Secretome of Olfactory Mucosa Mesenchymal Stem Cell, a Multiple Potential Stem Cell

1Key Laboratory of Protein Chemistry and Developmental Biology of Ministry of Education, College of Life Sciences, Hunan Normal University, Changsha 410081, China
2Department of Neurosurgery, Second Affiliated Hospital of Hunan Normal University (163 Hospital of PLA), Changsha 410003, China
3Orthopedics Department, Second Affiliated Hospital, College of Medicine, Xi’an Jiaotong University, Xi’an 710004, China

Received 8 October 2015; Revised 5 December 2015; Accepted 24 December 2015

Academic Editor: Heinrich Sauer

Copyright © 2016 Lite Ge et al. This is an open access article distributed under the Creative Commons Attribution License, which permits unrestricted use, distribution, and reproduction in any medium, provided the original work is properly cited.


Nasal olfactory mucosa mesenchymal stem cells (OM-MSCs) have the ability to promote regeneration in the nervous system in vivo.
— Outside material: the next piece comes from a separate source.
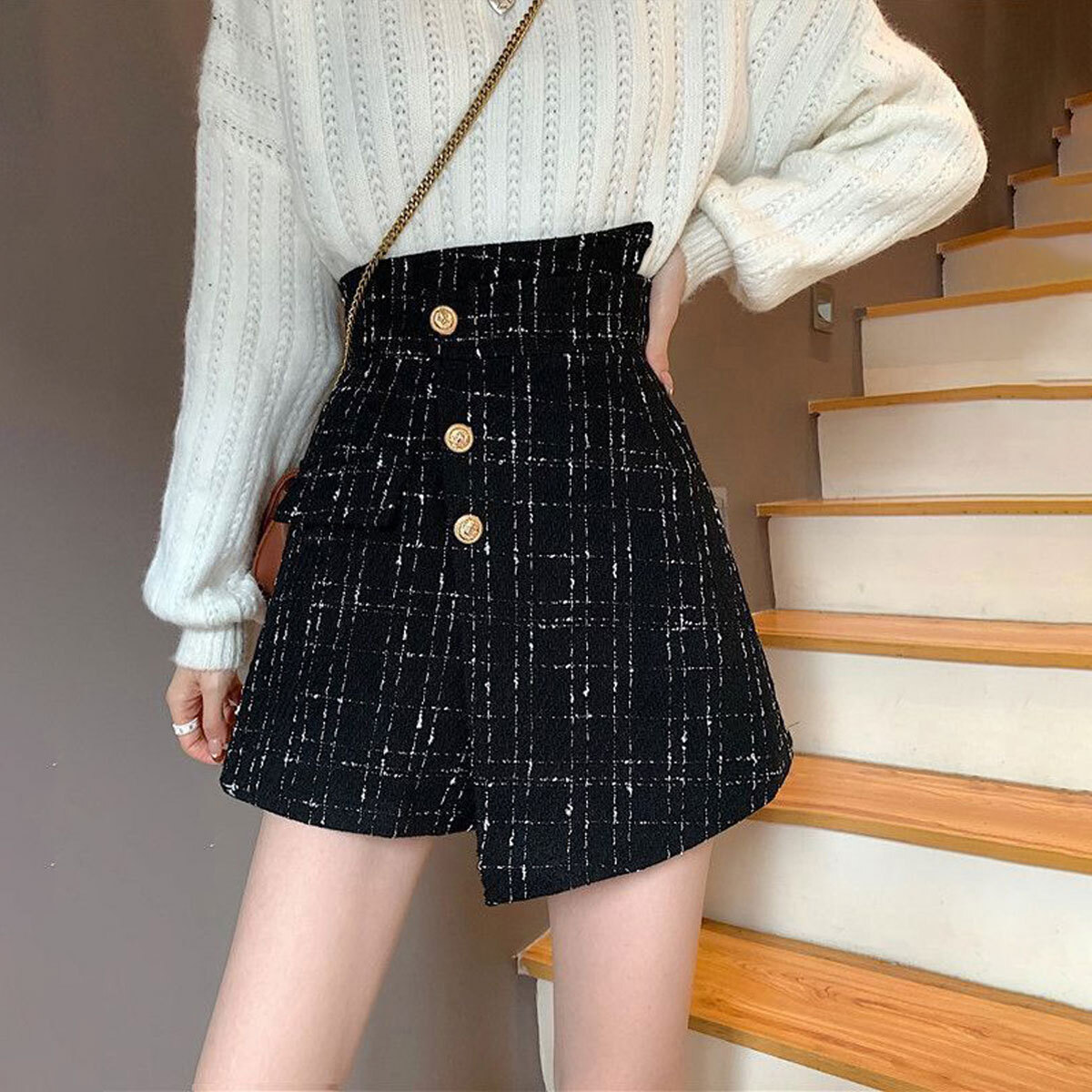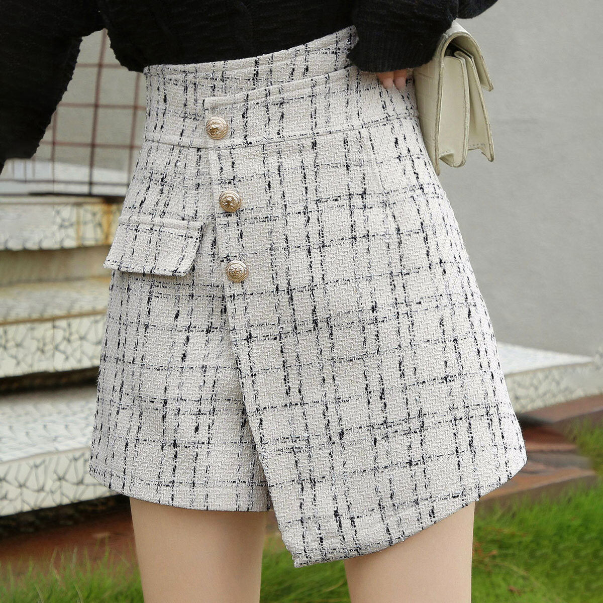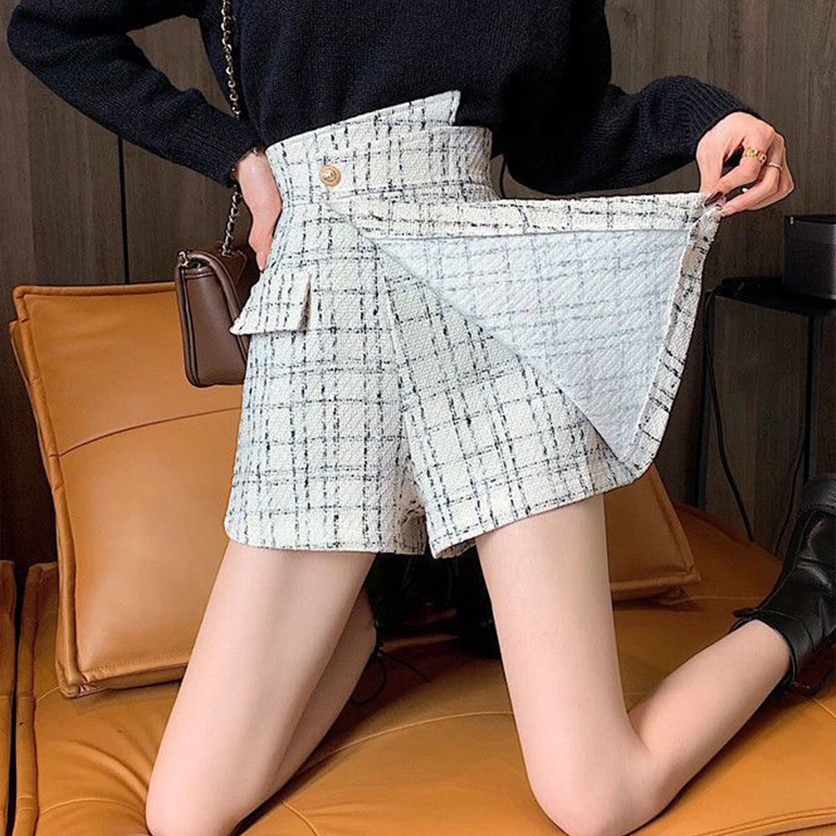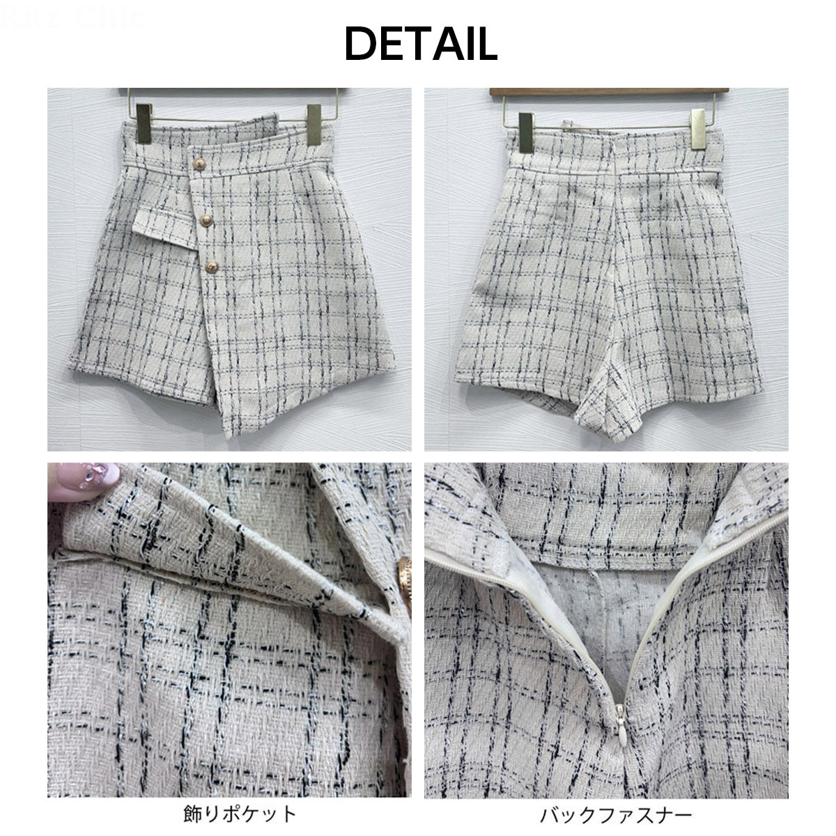 ツイード ショートパンツ レディース 秋冬 韓国 きれいめ 大人 かわいい ラップスカート風 おしゃれ カジュアル ハイウエスト アシンメトリー スカート見え キュロットパンツ 大人可愛い 大人女子
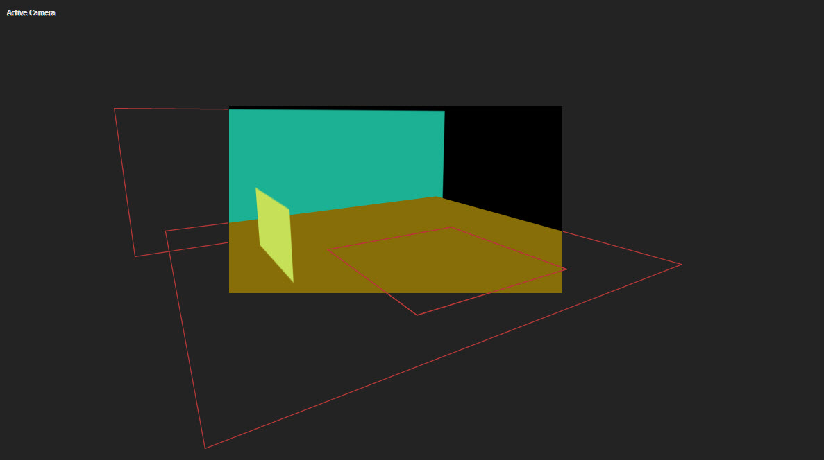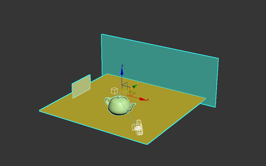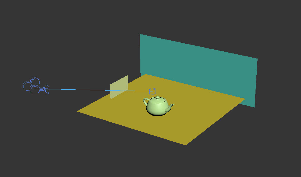1)3D맥스에서 씬을 구성합니다. 예에서 3개의 plane, 1개의 teapot, 애니메이션을 설정한 타겟 카메라로 씬을 구성하였습니다. (타겟 카메라, target camera 외에는 지원하지않습니다. 씬을 구성하는 오브젝트의 transform을 초기화, resetXform 하지않습니다. 4개를 초과하는 버텍스를 가지는 오브젝트는 지원하지않습니다)

Moreover, with view to the potential for clinical application, OM-MSCs have the advantage of being easily accessible from patients and transplantable in an autologous manner, thus eliminating immune rejection and contentious ethical issues. So far, most studies have been focused on the role of OM-MSCs in central nervous system replacement. However, the secreted proteomics of OM-MSCs have not been reported yet. Here, proteins secreted by OM-MSCs cultured in serum-free conditions were separated on SDS-PAGE and identified by LC-MS/MS. As a result, a total of 274 secreted proteins were identified. These molecules are known to be important in neurotrophy, angiogenesis, cell growth, differentiation, and apoptosis, and inflammation which were highly correlated with the repair of central nervous system. The proteomic profiling of the OM-MSCs secretome might provide new insights into their nature in the neural recovery. However, proteomic analysis for clinical biomarkers of OM-MSCs needs to be further studied.